What the task asks.
When you copy the listing, skip the images and return each line verbatim.

▼▼▼

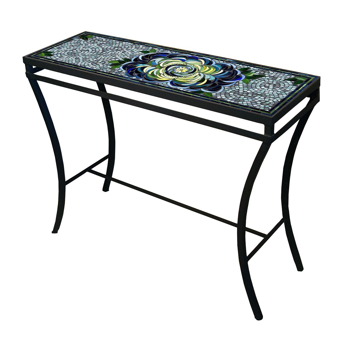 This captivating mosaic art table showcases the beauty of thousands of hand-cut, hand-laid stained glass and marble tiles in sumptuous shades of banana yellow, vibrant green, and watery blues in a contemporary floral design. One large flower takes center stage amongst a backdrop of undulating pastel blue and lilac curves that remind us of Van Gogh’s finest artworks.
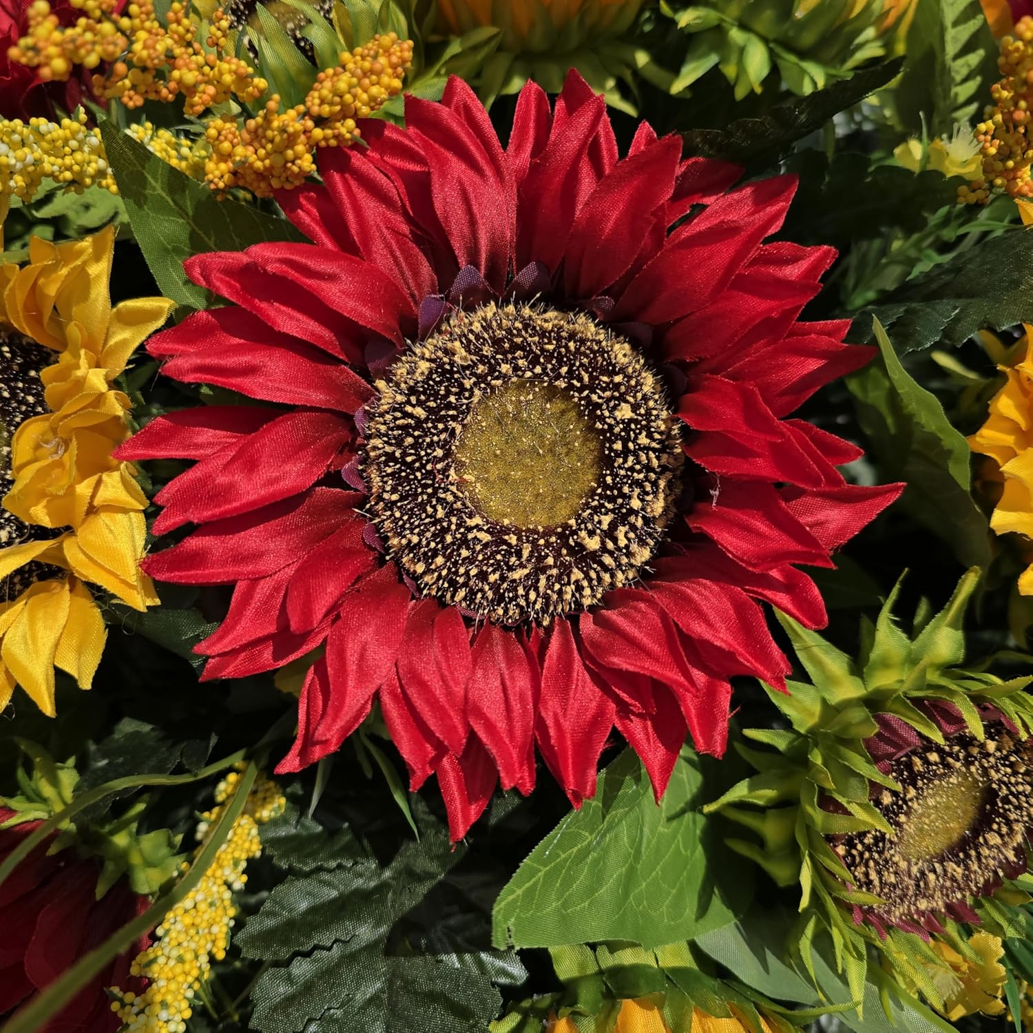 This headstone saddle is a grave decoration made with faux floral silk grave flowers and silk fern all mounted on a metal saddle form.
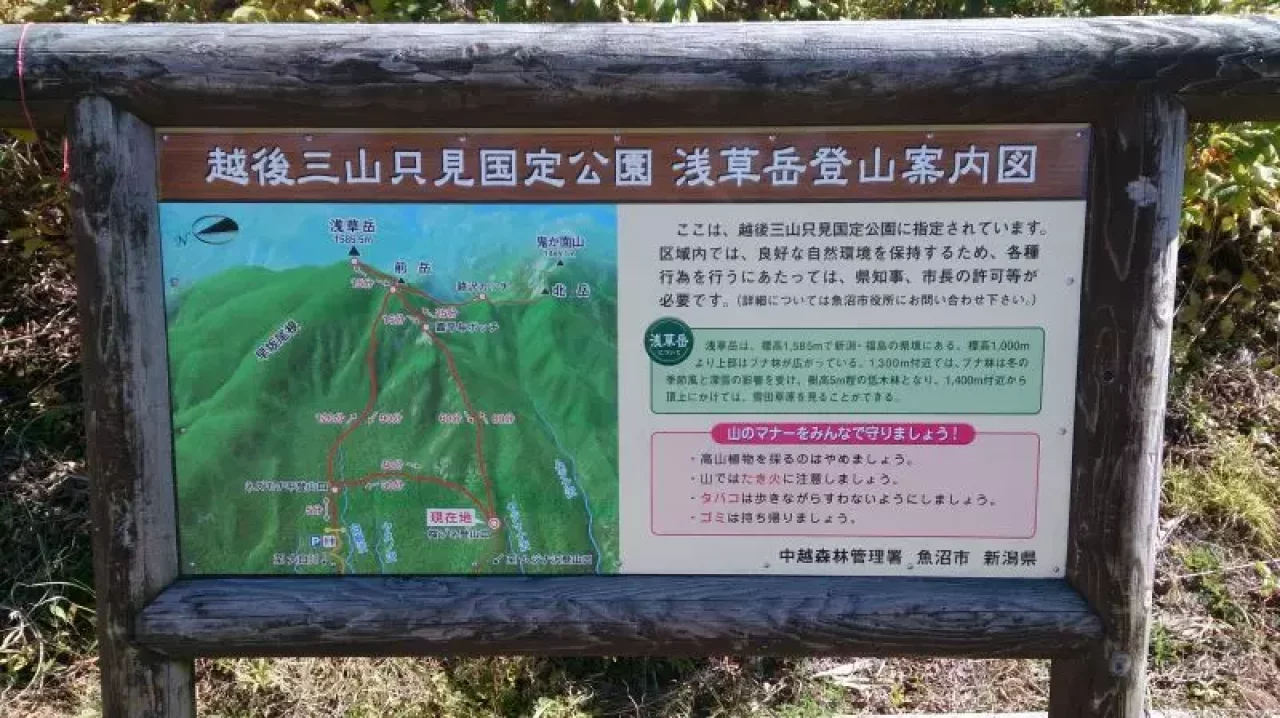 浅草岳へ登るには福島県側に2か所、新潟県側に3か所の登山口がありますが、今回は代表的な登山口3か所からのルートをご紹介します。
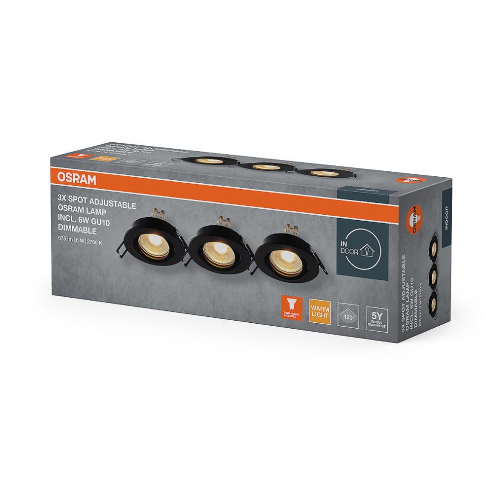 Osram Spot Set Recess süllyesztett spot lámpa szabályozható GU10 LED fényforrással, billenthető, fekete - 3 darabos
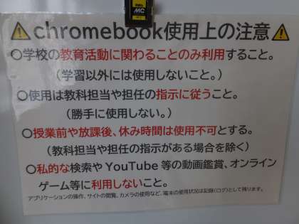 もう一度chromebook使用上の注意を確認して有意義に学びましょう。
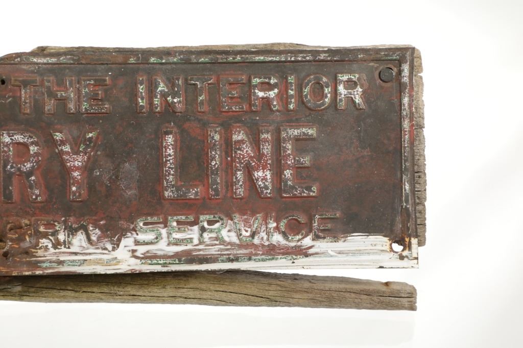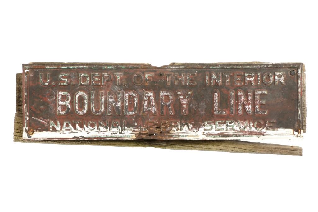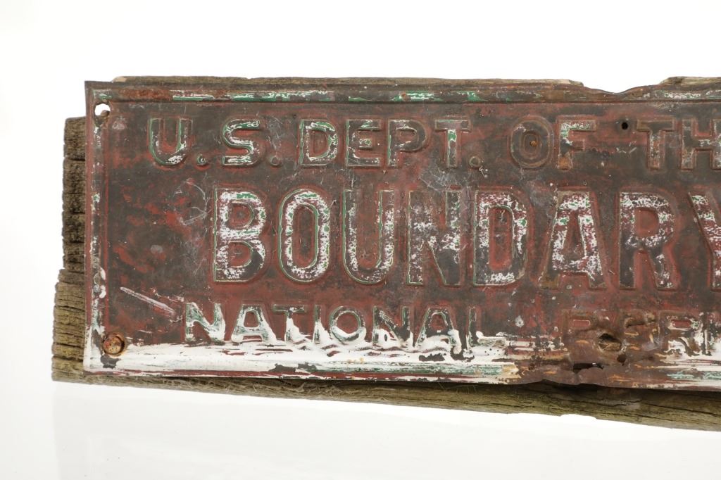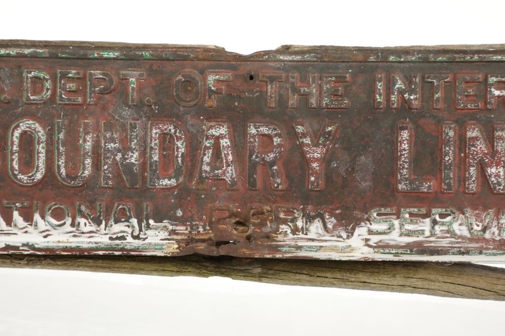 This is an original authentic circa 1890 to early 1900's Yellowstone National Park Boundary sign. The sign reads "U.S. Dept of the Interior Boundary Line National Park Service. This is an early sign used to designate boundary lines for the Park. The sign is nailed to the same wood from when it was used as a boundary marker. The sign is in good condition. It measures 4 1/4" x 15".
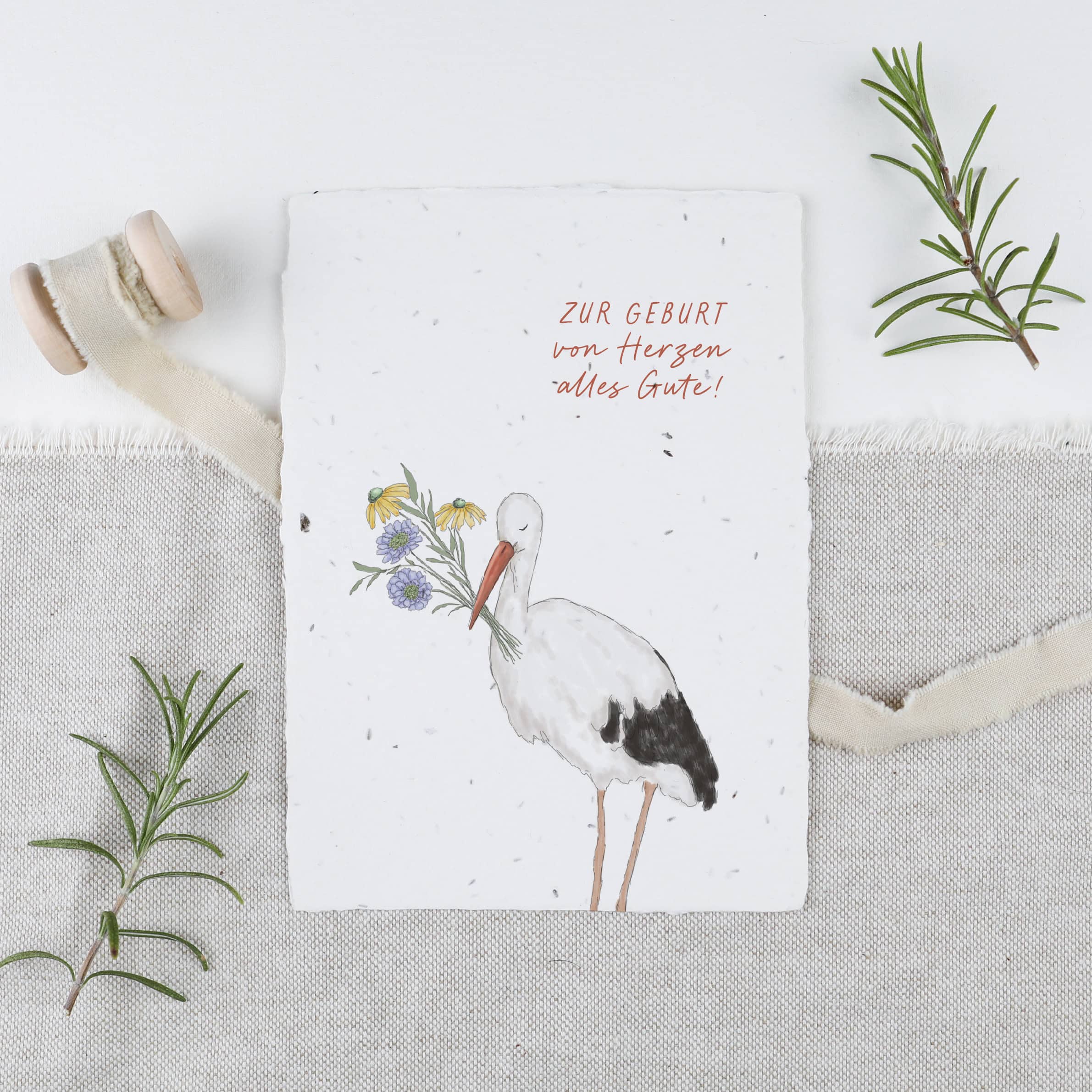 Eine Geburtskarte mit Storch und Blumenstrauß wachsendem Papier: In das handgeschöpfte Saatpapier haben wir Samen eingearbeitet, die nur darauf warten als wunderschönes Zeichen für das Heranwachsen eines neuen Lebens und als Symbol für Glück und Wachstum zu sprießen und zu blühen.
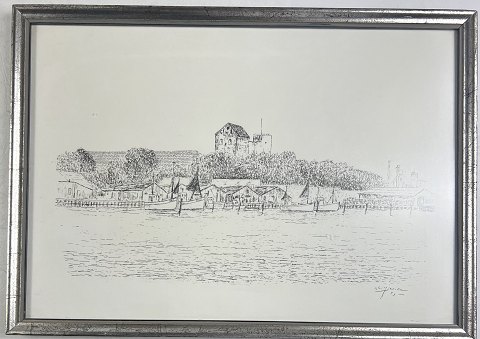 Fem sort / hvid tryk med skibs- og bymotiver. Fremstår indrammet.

▲▲▲

Task result.
 This captivating mosaic art table showcases the beauty of thousands of hand-cut, hand-laid stained glass and marble tiles in sumptuous shades of banana yellow, vibrant green, and watery blues in a contemporary floral design. One large flower takes center stage amongst a backdrop of undulating pastel blue and lilac curves that remind us of Van Gogh’s finest artworks.
 This headstone saddle is a grave decoration made with faux floral silk grave flowers and silk fern all mounted on a metal saddle form.
 浅草岳へ登るには福島県側に2か所、新潟県側に3か所の登山口がありますが、今回は代表的な登山口3か所からのルートをご紹介します。
 Osram Spot Set Recess süllyesztett spot lámpa szabályozható GU10 LED fényforrással, billenthető, fekete - 3 darabos
 もう一度chromebook使用上の注意を確認して有意義に学びましょう。
 This is an original authentic circa 1890 to early 1900's Yellowstone National Park Boundary sign. The sign reads "U.S. Dept of the Interior Boundary Line National Park Service. This is an early sign used to designate boundary lines for the Park. The sign is nailed to the same wood from when it was used as a boundary marker. The sign is in good condition. It measures 4 1/4" x 15".
 Eine Geburtskarte mit Storch und Blumenstrauß wachsendem Papier: In das handgeschöpfte Saatpapier haben wir Samen eingearbeitet, die nur darauf warten als wunderschönes Zeichen für das Heranwachsen eines neuen Lebens und als Symbol für Glück und Wachstum zu sprießen und zu blühen.
 Fem sort / hvid tryk med skibs- og bymotiver. Fremstår indrammet.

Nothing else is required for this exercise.